Provided records START

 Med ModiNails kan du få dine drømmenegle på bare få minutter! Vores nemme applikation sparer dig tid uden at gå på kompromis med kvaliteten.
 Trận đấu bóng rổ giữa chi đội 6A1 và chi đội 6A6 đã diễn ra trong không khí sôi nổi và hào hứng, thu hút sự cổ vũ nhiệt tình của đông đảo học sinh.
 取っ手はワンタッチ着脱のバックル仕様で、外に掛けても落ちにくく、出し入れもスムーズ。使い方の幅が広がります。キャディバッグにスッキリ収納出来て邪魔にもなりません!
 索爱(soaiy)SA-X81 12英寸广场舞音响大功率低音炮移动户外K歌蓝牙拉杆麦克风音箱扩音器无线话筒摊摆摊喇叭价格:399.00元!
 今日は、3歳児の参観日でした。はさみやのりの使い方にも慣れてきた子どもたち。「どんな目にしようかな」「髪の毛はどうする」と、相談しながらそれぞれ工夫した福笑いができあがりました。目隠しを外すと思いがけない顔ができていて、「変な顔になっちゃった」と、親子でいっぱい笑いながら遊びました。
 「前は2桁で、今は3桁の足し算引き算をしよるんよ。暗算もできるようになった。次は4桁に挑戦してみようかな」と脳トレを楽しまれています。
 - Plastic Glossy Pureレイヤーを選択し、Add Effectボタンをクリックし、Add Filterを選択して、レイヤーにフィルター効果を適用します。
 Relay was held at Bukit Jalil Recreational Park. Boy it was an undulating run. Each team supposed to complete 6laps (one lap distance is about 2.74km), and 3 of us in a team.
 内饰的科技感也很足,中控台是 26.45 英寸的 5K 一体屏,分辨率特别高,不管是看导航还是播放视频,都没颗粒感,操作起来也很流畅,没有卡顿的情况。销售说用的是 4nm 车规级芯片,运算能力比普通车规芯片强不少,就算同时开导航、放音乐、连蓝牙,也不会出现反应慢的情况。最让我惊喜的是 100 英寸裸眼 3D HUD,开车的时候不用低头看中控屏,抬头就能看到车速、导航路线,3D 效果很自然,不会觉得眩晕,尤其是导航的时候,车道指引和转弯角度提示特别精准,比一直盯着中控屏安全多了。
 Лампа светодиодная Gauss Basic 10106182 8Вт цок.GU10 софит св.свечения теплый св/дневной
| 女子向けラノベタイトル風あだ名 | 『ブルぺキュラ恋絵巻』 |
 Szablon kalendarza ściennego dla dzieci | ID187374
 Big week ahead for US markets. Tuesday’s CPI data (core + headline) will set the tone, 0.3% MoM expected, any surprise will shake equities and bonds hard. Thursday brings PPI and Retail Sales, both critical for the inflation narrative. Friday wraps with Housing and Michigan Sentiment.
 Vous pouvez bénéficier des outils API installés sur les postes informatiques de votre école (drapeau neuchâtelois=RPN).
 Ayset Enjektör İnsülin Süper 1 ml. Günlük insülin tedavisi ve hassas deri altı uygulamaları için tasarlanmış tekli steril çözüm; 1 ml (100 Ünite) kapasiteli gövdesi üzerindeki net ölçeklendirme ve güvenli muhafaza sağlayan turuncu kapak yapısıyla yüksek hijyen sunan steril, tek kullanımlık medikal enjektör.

Provided records END

**About this task**
Please print the full listing shown above, exactly as it appears.

**Response to the task**
 Med ModiNails kan du få dine drømmenegle på bare få minutter! Vores nemme applikation sparer dig tid uden at gå på kompromis med kvaliteten.
 Trận đấu bóng rổ giữa chi đội 6A1 và chi đội 6A6 đã diễn ra trong không khí sôi nổi và hào hứng, thu hút sự cổ vũ nhiệt tình của đông đảo học sinh.
 取っ手はワンタッチ着脱のバックル仕様で、外に掛けても落ちにくく、出し入れもスムーズ。使い方の幅が広がります。キャディバッグにスッキリ収納出来て邪魔にもなりません!
 索爱(soaiy)SA-X81 12英寸广场舞音响大功率低音炮移动户外K歌蓝牙拉杆麦克风音箱扩音器无线话筒摊摆摊喇叭价格:399.00元!
 今日は、3歳児の参観日でした。はさみやのりの使い方にも慣れてきた子どもたち。「どんな目にしようかな」「髪の毛はどうする」と、相談しながらそれぞれ工夫した福笑いができあがりました。目隠しを外すと思いがけない顔ができていて、「変な顔になっちゃった」と、親子でいっぱい笑いながら遊びました。
 「前は2桁で、今は3桁の足し算引き算をしよるんよ。暗算もできるようになった。次は4桁に挑戦してみようかな」と脳トレを楽しまれています。
 - Plastic Glossy Pureレイヤーを選択し、Add Effectボタンをクリックし、Add Filterを選択して、レイヤーにフィルター効果を適用します。
 Relay was held at Bukit Jalil Recreational Park. Boy it was an undulating run. Each team supposed to complete 6laps (one lap distance is about 2.74km), and 3 of us in a team.
 内饰的科技感也很足,中控台是 26.45 英寸的 5K 一体屏,分辨率特别高,不管是看导航还是播放视频,都没颗粒感,操作起来也很流畅,没有卡顿的情况。销售说用的是 4nm 车规级芯片,运算能力比普通车规芯片强不少,就算同时开导航、放音乐、连蓝牙,也不会出现反应慢的情况。最让我惊喜的是 100 英寸裸眼 3D HUD,开车的时候不用低头看中控屏,抬头就能看到车速、导航路线,3D 效果很自然,不会觉得眩晕,尤其是导航的时候,车道指引和转弯角度提示特别精准,比一直盯着中控屏安全多了。
 Лампа светодиодная Gauss Basic 10106182 8Вт цок.GU10 софит св.свечения теплый св/дневной
| 女子向けラノベタイトル風あだ名 | 『ブルぺキュラ恋絵巻』 |
 Szablon kalendarza ściennego dla dzieci | ID187374
 Big week ahead for US markets. Tuesday’s CPI data (core + headline) will set the tone, 0.3% MoM expected, any surprise will shake equities and bonds hard. Thursday brings PPI and Retail Sales, both critical for the inflation narrative. Friday wraps with Housing and Michigan Sentiment.
 Vous pouvez bénéficier des outils API installés sur les postes informatiques de votre école (drapeau neuchâtelois=RPN).
 Ayset Enjektör İnsülin Süper 1 ml. Günlük insülin tedavisi ve hassas deri altı uygulamaları için tasarlanmış tekli steril çözüm; 1 ml (100 Ünite) kapasiteli gövdesi üzerindeki net ölçeklendirme ve güvenli muhafaza sağlayan turuncu kapak yapısıyla yüksek hijyen sunan steril, tek kullanımlık medikal enjektör.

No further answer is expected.